### [Problem to solve]
Reproduce the listing word for word, leaving every picture behind.

### [Data shown]
Content starts

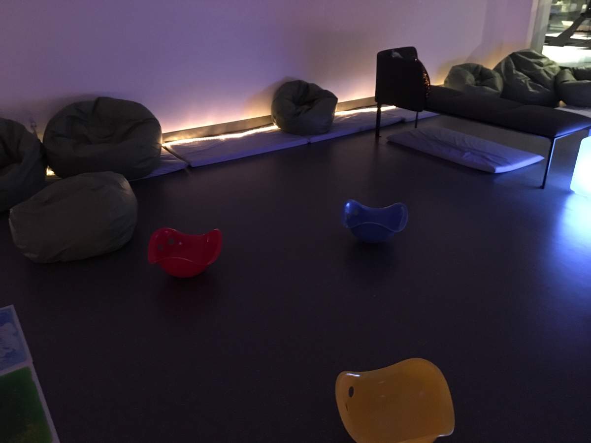 Different kinds of lighting, such as rope lights around the edge of the room and light cubes that shift colour, are also meant to be soothing, Nickolson said.
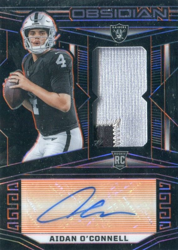 The Aidan O'Connell 2023 Obsidian #212 Rookie Jersey Autographs - Electric Etch Orange /49 card in Raw condition has not changed in price in the last 30 days and was last sold for $14.50 .
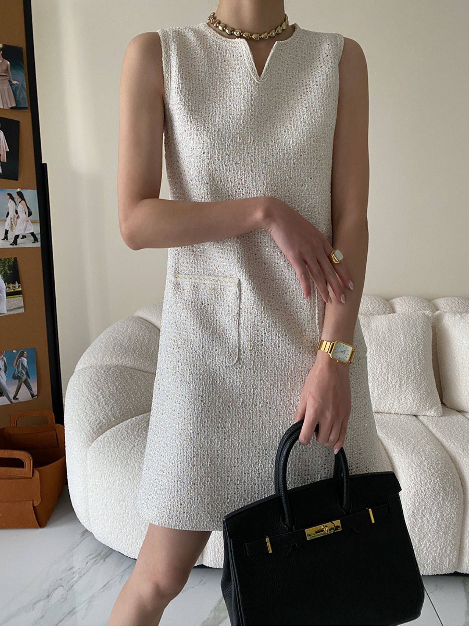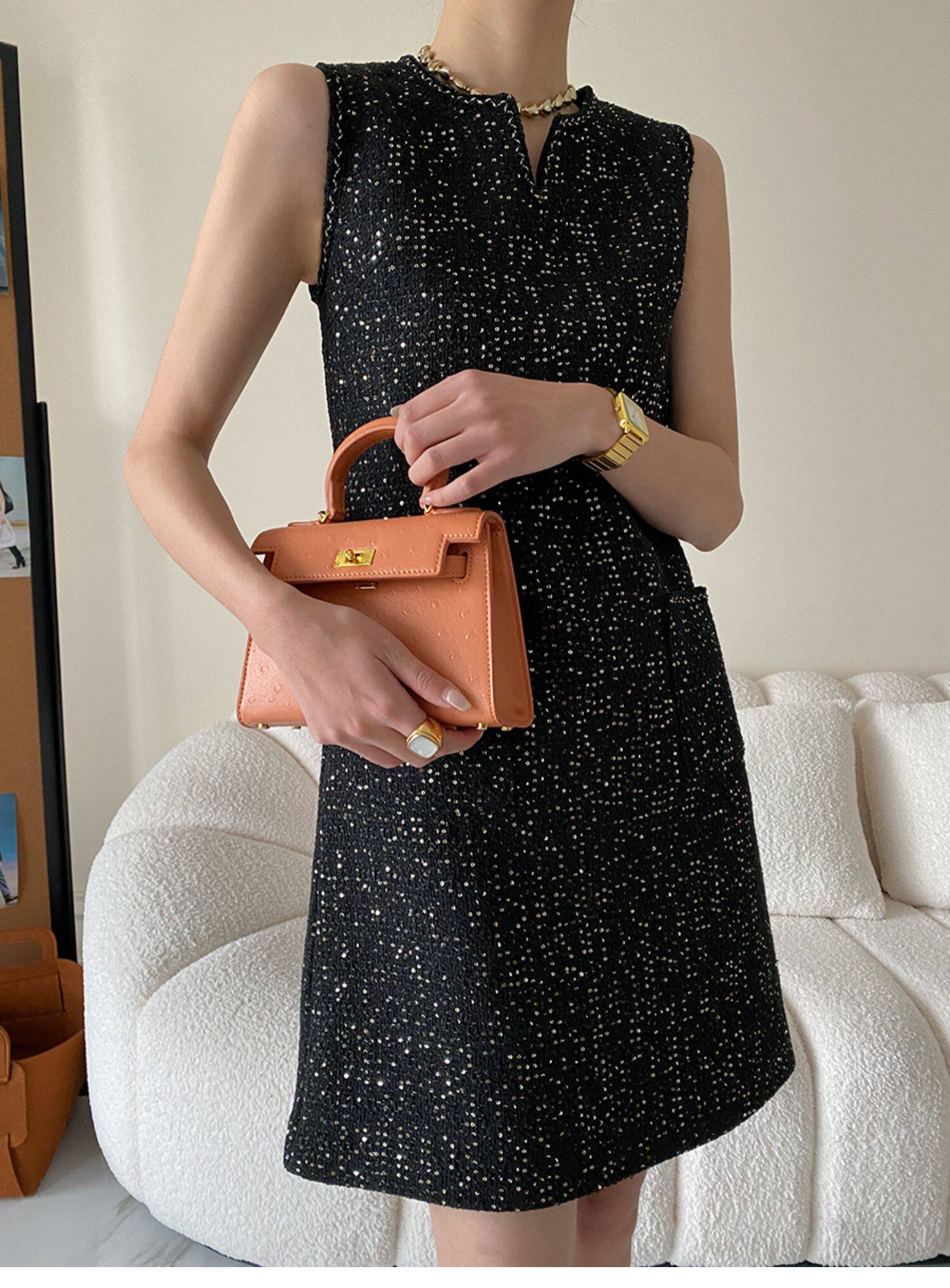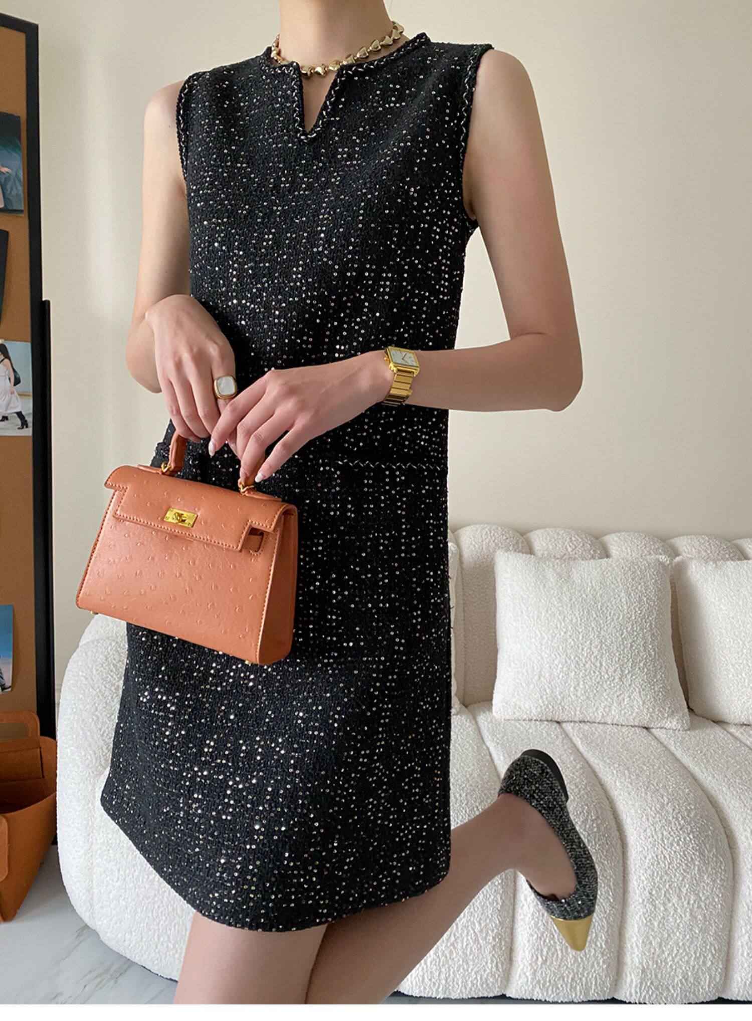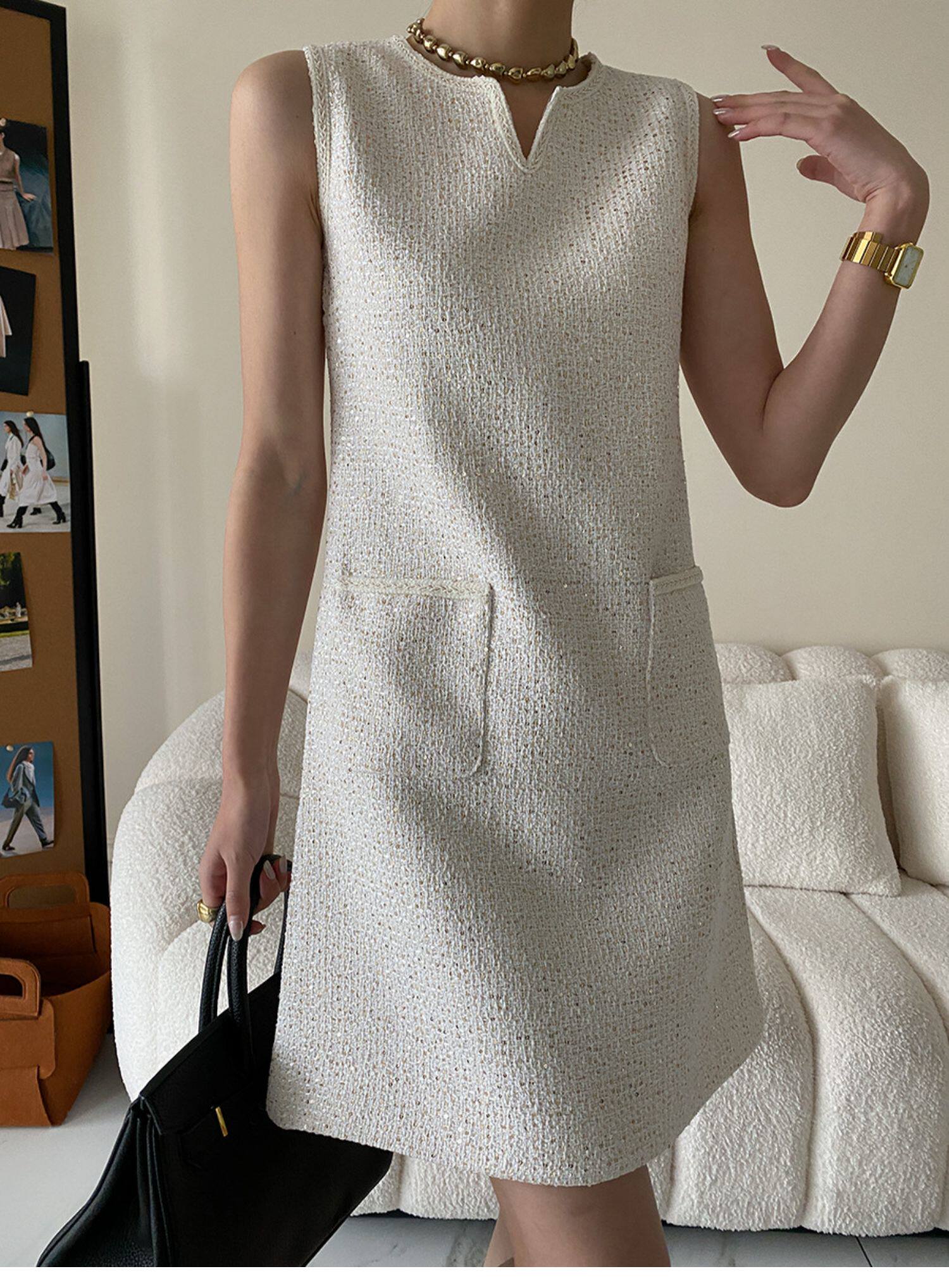 Юбка, платье без рукавов без рукавов, с вышивкой, в стиле Шанель, свободный прямой крой, французский стиль

Content ends

### [Output for this task]
 Different kinds of lighting, such as rope lights around the edge of the room and light cubes that shift colour, are also meant to be soothing, Nickolson said.
 The Aidan O'Connell 2023 Obsidian #212 Rookie Jersey Autographs - Electric Etch Orange /49 card in Raw condition has not changed in price in the last 30 days and was last sold for $14.50 .
 Юбка, платье без рукавов без рукавов, с вышивкой, в стиле Шанель, свободный прямой крой, французский стиль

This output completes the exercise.